Copy out the whole listing exactly as written, leaving the pictures behind.
Segment Open
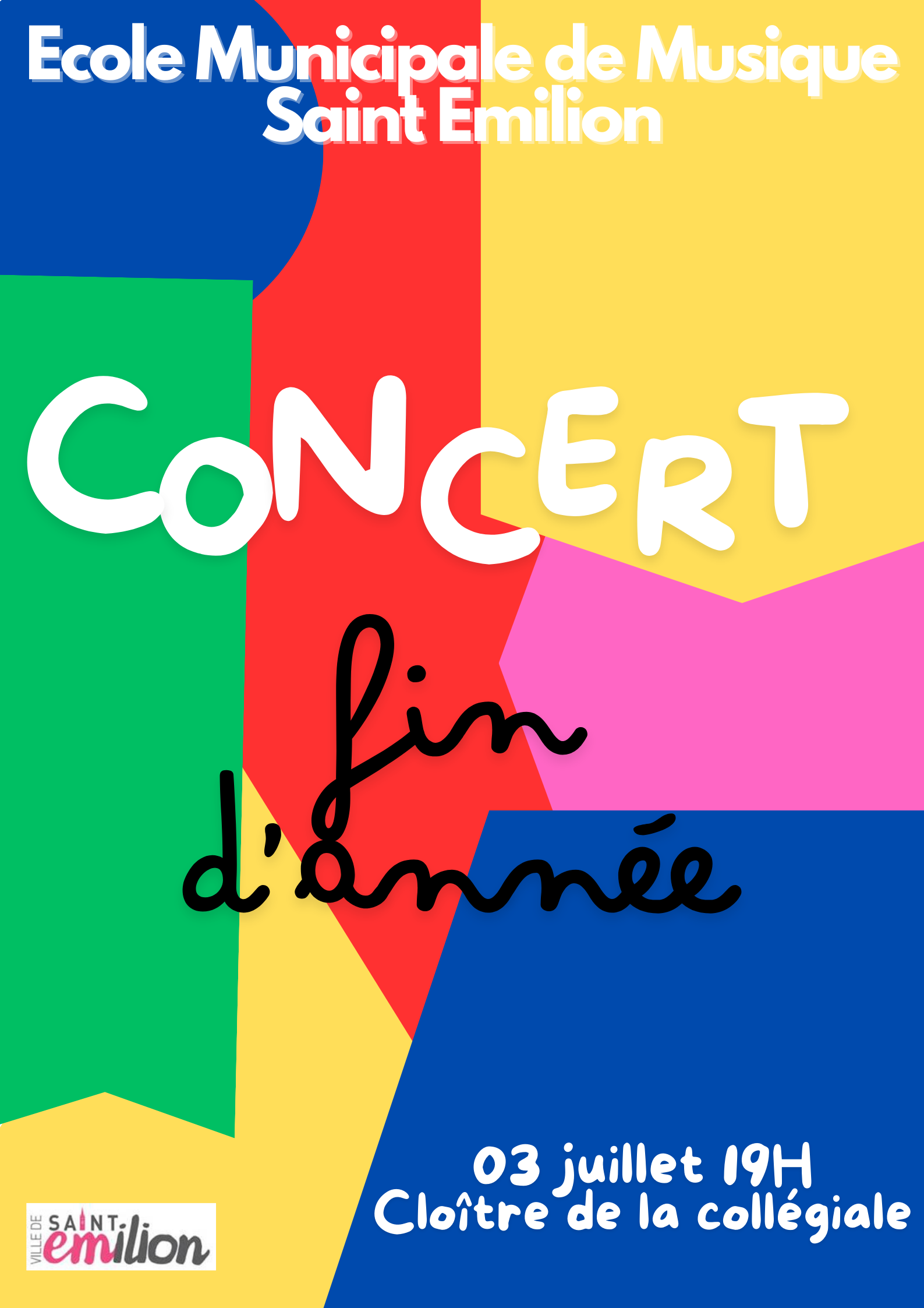 L'école de musique municipale de Saint-Emilion vous livre son concert de fin d'année mercredi 3 juillet dans le cloître de l'église Collégiale à 19h00!
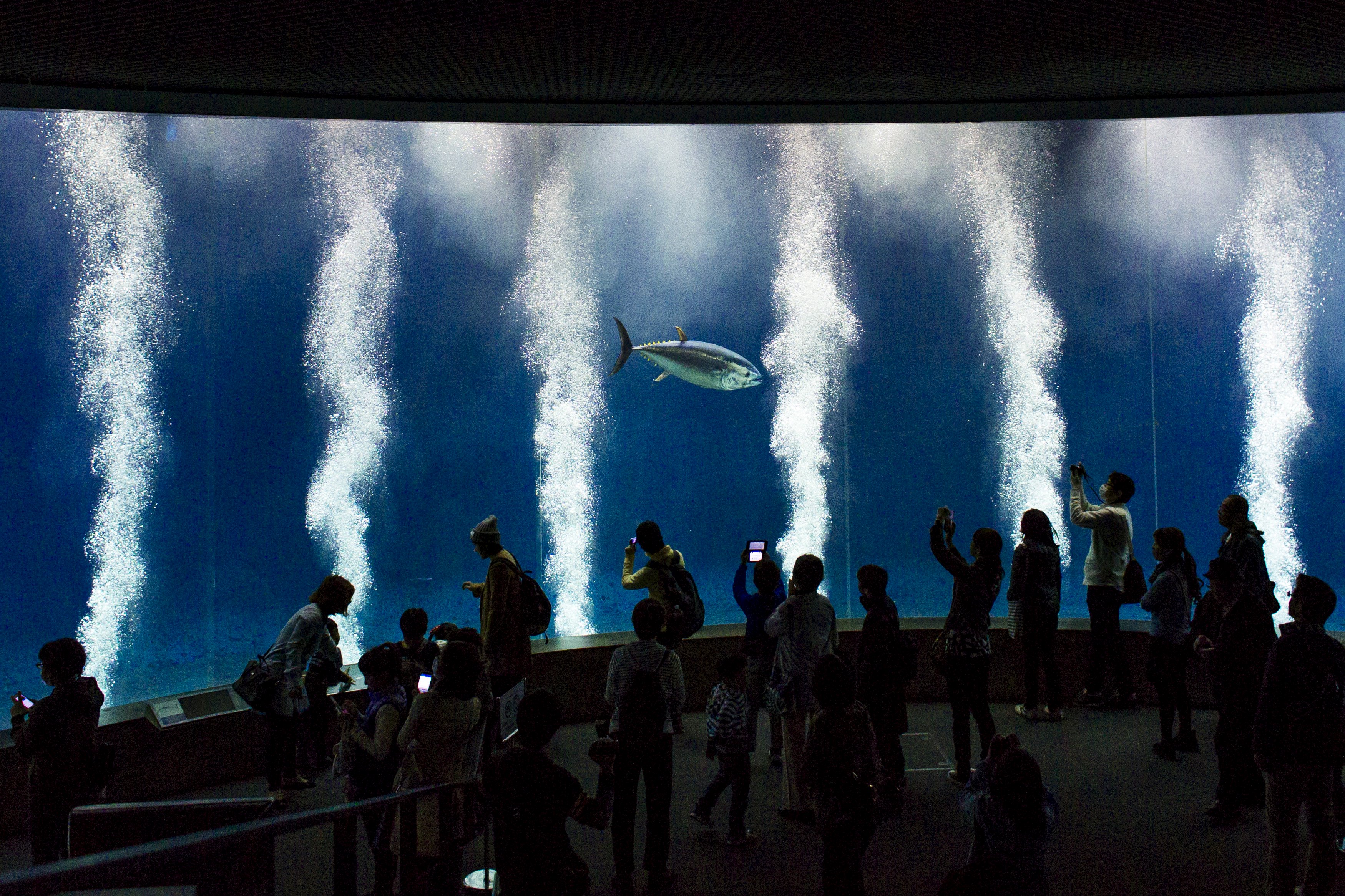 People look at a Pacific bluefin tuna as it swims in a tank in the Tokyo Sea Life Park in Tokyo, April 2, 2015. All but one of the nearly 160 tuna and bonito fish have died for unknown reasons over recent months, leaving this one tuna the last remaining fish of the vast tank's original population, local media reported. REUTERS/Thomas Peter TPX IMAGES OF THE DAY *** Local Caption *** Pengunjung memperhatikan tuna sirip biru Pasifik yang berenang di dalam sebuah kolam di Tokyo Sea Life Park, Tokyo, Jepang, Kamis (2/4). Dari semua 160 ikan tuna dan bonito, hanya satu yang dapat hidup, sementara 159 lainnya mati tanpa diketahui sebabnya dalam beberapa bulan terakhir, menjadikan ikan tuna itu satu-satunya ikan yang bertahan dalam populasi asli akuarium tersebut. ANTARA FOTO/REUTERS/Thomas Peter/ox/15.
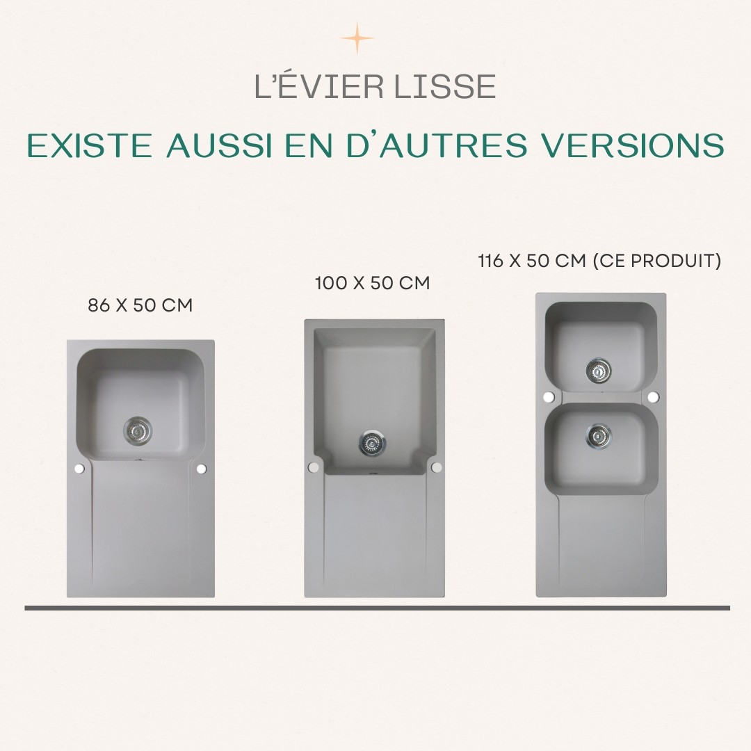 | Libellé | Lisse évier réversible 2 cuves 1 égouttoir en résine gris |
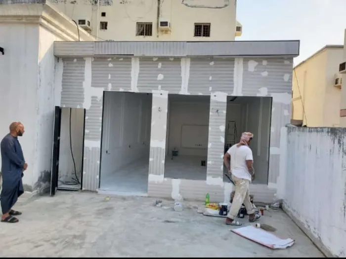 تُعالج الفواصل بمواد خاصة، ثم يتم الدهان أو تركيب "الكسر الرخامي" أو "البروفايل" الخارجي، لتظهر الغرفة وكأنها بناء خرساني طبيعي.تكلفة ملاحق اسمنت بورد بجدةومكةوالطائف:
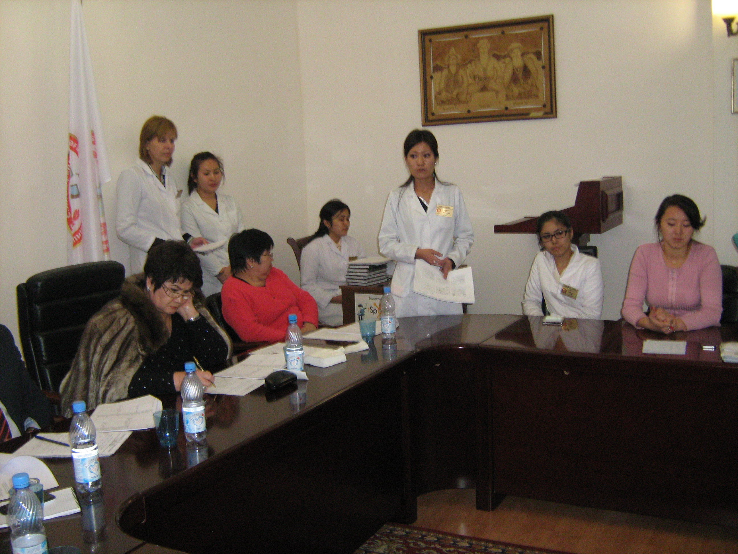 СҒҮ отырысында студенттермен бірге СҒЗЖ бойынша жауапты асс. Ергалиева А.А., доц.Оспанбекова Н.К., доц.Сейдулаева Л.Б. (сәуір, 2016 ж.)
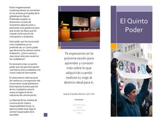 Las megaempresas de comunicación se han convertido en los principales actores de la globalización liberal al formar grandes grupos mediáticos a nivel mundial. Esto ha debilitado la capacidad de los medios para actuar como un contrapeso al poder, dando lugar a la necesidad de crear un "quinto poder" que permita a los ciudadanos oponerse a esta nueva coalición dominante formada por grandes corporaciones globales.
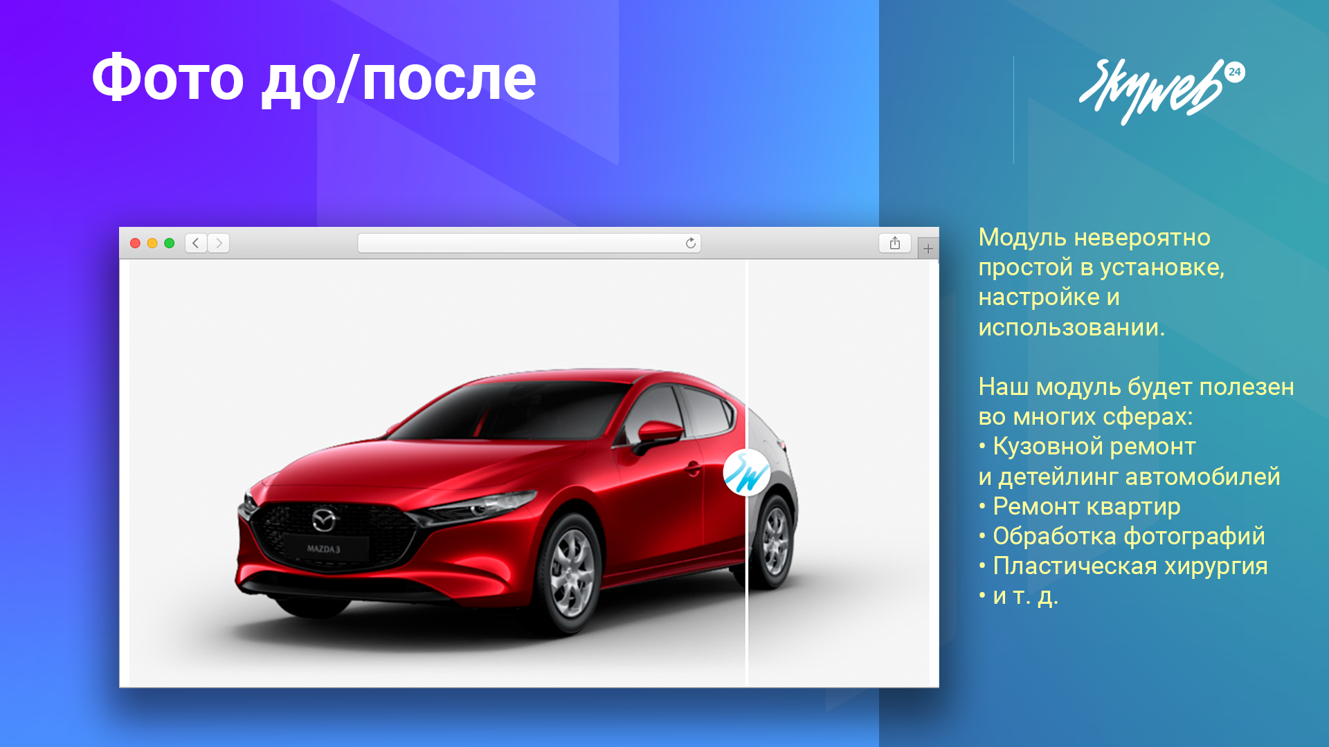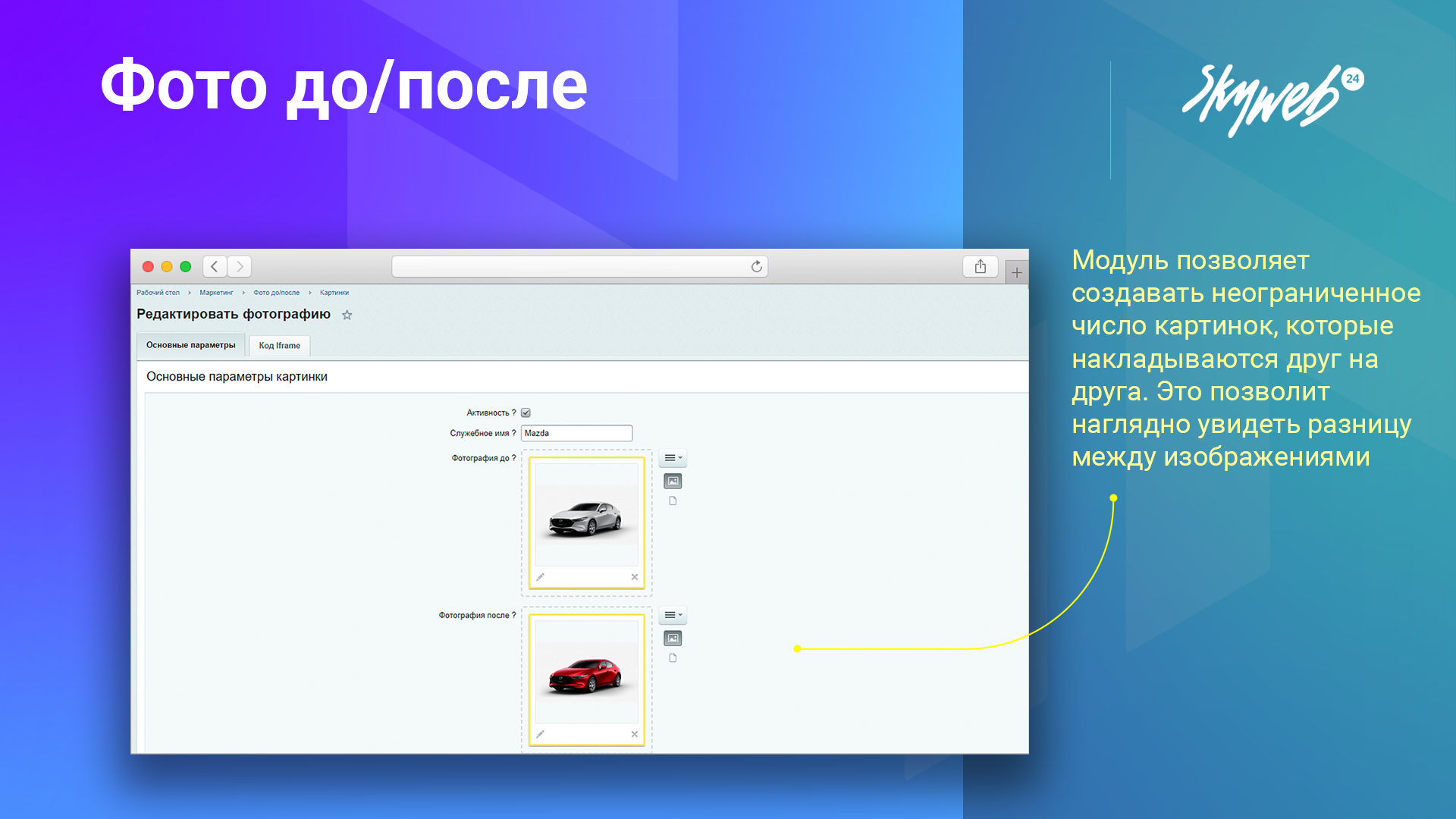 Подробная документация по установке и работе с модулем доступна по адресу - https://skyweb24.ru/documentation/photobeforeafter/
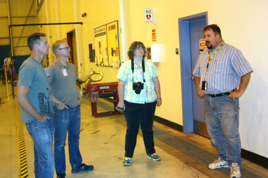 Eric then showed us the facility for recoating the SOFIA mirror every few years. The mirror is carefully removed and transported into this bay, where the aluminum finish and any oils or contaminants on the mirror are removed so that it is basically just glass (although a special type that resists cracking). It is then moved by ceiling crane into the next room and lowered into a large pressure vessel where all the air is pumped out and the mirror surface is electrically charged. Heating elements vaporize aluminum coils and the gas is attracted to the charged mirror. Within a few seconds, a new coating of aluminum about 1000 angstroms thick has been deposited.
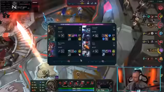03:44:47Das Streamer-Team tritt in der League of Legends-Arena an. Der Streamer zeigt sich zunächst unsicher über seine Champion-Wahl, entscheidet sich dann aber für Soraka als Support. Die Runde ist geprägt von strategischen Fehlern und unerwarteten Spielzügen des Gegners, wie einem gegnerischen Silas und einem voll auf kritische Treffer gesetzten Bild. Trotzdem versucht das Team, das Spiel zu kontrollieren, insbesondere mit dem Fokus auf starke Heils und Schild-Mechaniken.
Segment Closed
Response to the task
 L'école de musique municipale de Saint-Emilion vous livre son concert de fin d'année mercredi 3 juillet dans le cloître de l'église Collégiale à 19h00!
 People look at a Pacific bluefin tuna as it swims in a tank in the Tokyo Sea Life Park in Tokyo, April 2, 2015. All but one of the nearly 160 tuna and bonito fish have died for unknown reasons over recent months, leaving this one tuna the last remaining fish of the vast tank's original population, local media reported. REUTERS/Thomas Peter TPX IMAGES OF THE DAY *** Local Caption *** Pengunjung memperhatikan tuna sirip biru Pasifik yang berenang di dalam sebuah kolam di Tokyo Sea Life Park, Tokyo, Jepang, Kamis (2/4). Dari semua 160 ikan tuna dan bonito, hanya satu yang dapat hidup, sementara 159 lainnya mati tanpa diketahui sebabnya dalam beberapa bulan terakhir, menjadikan ikan tuna itu satu-satunya ikan yang bertahan dalam populasi asli akuarium tersebut. ANTARA FOTO/REUTERS/Thomas Peter/ox/15.
 | Libellé | Lisse évier réversible 2 cuves 1 égouttoir en résine gris |
 تُعالج الفواصل بمواد خاصة، ثم يتم الدهان أو تركيب "الكسر الرخامي" أو "البروفايل" الخارجي، لتظهر الغرفة وكأنها بناء خرساني طبيعي.تكلفة ملاحق اسمنت بورد بجدةومكةوالطائف:
 СҒҮ отырысында студенттермен бірге СҒЗЖ бойынша жауапты асс. Ергалиева А.А., доц.Оспанбекова Н.К., доц.Сейдулаева Л.Б. (сәуір, 2016 ж.)
 Las megaempresas de comunicación se han convertido en los principales actores de la globalización liberal al formar grandes grupos mediáticos a nivel mundial. Esto ha debilitado la capacidad de los medios para actuar como un contrapeso al poder, dando lugar a la necesidad de crear un "quinto poder" que permita a los ciudadanos oponerse a esta nueva coalición dominante formada por grandes corporaciones globales.
 Подробная документация по установке и работе с модулем доступна по адресу - https://skyweb24.ru/documentation/photobeforeafter/
 Eric then showed us the facility for recoating the SOFIA mirror every few years. The mirror is carefully removed and transported into this bay, where the aluminum finish and any oils or contaminants on the mirror are removed so that it is basically just glass (although a special type that resists cracking). It is then moved by ceiling crane into the next room and lowered into a large pressure vessel where all the air is pumped out and the mirror surface is electrically charged. Heating elements vaporize aluminum coils and the gas is attracted to the charged mirror. Within a few seconds, a new coating of aluminum about 1000 angstroms thick has been deposited.
03:44:47Das Streamer-Team tritt in der League of Legends-Arena an. Der Streamer zeigt sich zunächst unsicher über seine Champion-Wahl, entscheidet sich dann aber für Soraka als Support. Die Runde ist geprägt von strategischen Fehlern und unerwarteten Spielzügen des Gegners, wie einem gegnerischen Silas und einem voll auf kritische Treffer gesetzten Bild. Trotzdem versucht das Team, das Spiel zu kontrollieren, insbesondere mit dem Fokus auf starke Heils und Schild-Mechaniken.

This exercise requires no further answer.